Am 02.09.2014 um 11:12 schrieb Maarten Lankhorst:
> Op 02-09-14 om 10:51 schreef Christian König:
>> Am 01.09.2014 um 20:43 schrieb Maarten Lankhorst:
>>> Hey,
>>>
>>> On 01-09-14 18:21, Christian König wrote:
>>>> Am 01.09.2014 um 15:33 schrieb Maarten Lankhorst:
>>>>> Hey,
>>>>>
>>>>> Op 01-09-14 om 14:31 schreef Christian König:
>>>>>> Please wait a second with that.
>>>>>>
>>>>>> I didn't had a chance to test this yet and nobody has yet given it's rb on at least the radeon changes in this branch.
>>>>> Ok, my fault. I thought it was implicitly acked. I haven't made any functional changes to these patches,
>>>>> just some small fixups and a fix to make it apply after the upstream removal of  RADEON_FENCE_SIGNALED_SEQ.
>>>> Yeah, but the resulting patch looks to complex for my taste and should be simplified a bit more. Here is a more detailed review:
>>>>
>>>>> +    wait_queue_t fence_wake;
>>>> Only a nitpick, but please fix the indention and maybe add a comment.
>>>>
>>>>> +    struct work_struct delayed_irq_work;
>>>> Just drop that, the new fall back work item should take care of this when the unfortunate case happens that somebody tries to enable_signaling in the middle of a GPU reset.
>>> I can only drop it if radeon_gpu_reset will always call radeon_irq_set after downgrading to read mode, even if no work needs to be done. :-)
>>>
>>> Then again, should be possible.
>> The fall back handler should take care of the rare condition that we can't activate the IRQ because the driver is in a lockup handler.
>>
>> The issue is that the delayed_irq_work handler needs to take the exclusive lock once more and so would block an innocent process for the duration of the GPU lockup.
>>
>> Either reschedule as delayed work item if we can't take the lock immediately or just live with the delay of the fall back handler.

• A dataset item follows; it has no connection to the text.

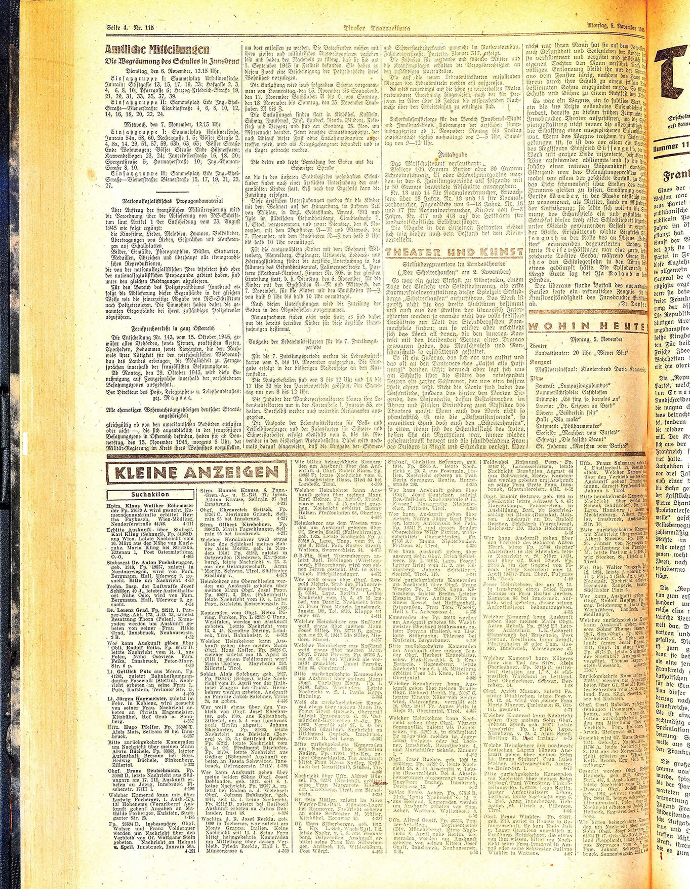Feldwebel Raimund Penz, Fp. 40167 E, Landesschützen, letzte Nachricht Rumänien August 44 (am Schwarzen. Meer). Kameraden werden gebeten um, Auskunft an seine Frau Grete Penz, Innsbruck, Glasmalereistr. 6/II. 4-52 Obgf. Rudolf Getzuer, geb. 1915 in Feldkirch: letzte Adresse 5. 4. 45: Marschkomp., Panzer-Gren. in Ausbildung, Batl. 10r Gottfriedschlag bei Blanz (Blansko), Mähren. Auskunft an Dr. Rudolf (Vorarlberg), Reienester SaHo Belohnung.

Since IRQs usually don't work correctly immediately after an GPU reset I'm pretty sure that the fallback handler will be needed anyway.
> Ok, rescheduling would be fine. Or could I go with the alternative, remove the delayed_irq_work and always set irqs after downgrading the write lock?

Always setting the IRQ's after downgrading the write lock would work for 
me as well.

>
>>>>>    /*
>>>>> - * Cast helper
>>>>> - */
>>>>> -#define to_radeon_fence(p) ((struct radeon_fence *)(p))
>>>>> -
>>>>> -/*
>>>> Please define the new cast helper in radeon.h as well.
>>> The ops are only defined in radeon_fence.c, and nothing outside of radeon_fence.c should care about the internals.
>> Then define this as a function instead, I need a checked cast from a fence to a radeon_fence outside of the fence code as well.
> Ok.
>
>>>>>        if (!rdev->needs_reset) {
>>>>> -        up_write(&rdev->exclusive_lock);
>>>>> +        downgrade_write(&rdev->exclusive_lock);
>>>>> +        wake_up_all(&rdev->fence_queue);
>>>>> +        up_read(&rdev->exclusive_lock);
>>>>>            return 0;
>>>>>        }
>>>> Just drop that as well, no need to wake up anybody here.
>>> Maybe not, but if I have to remove delayed_irq_work I do need to add a radeon_irq_set here.
>>>
>>>>>    downgrade_write(&rdev->exclusive_lock);
>>>>> +    wake_up_all(&rdev->fence_queue);
>>>> Same here, the IB test will wake up all fences for recheck anyway.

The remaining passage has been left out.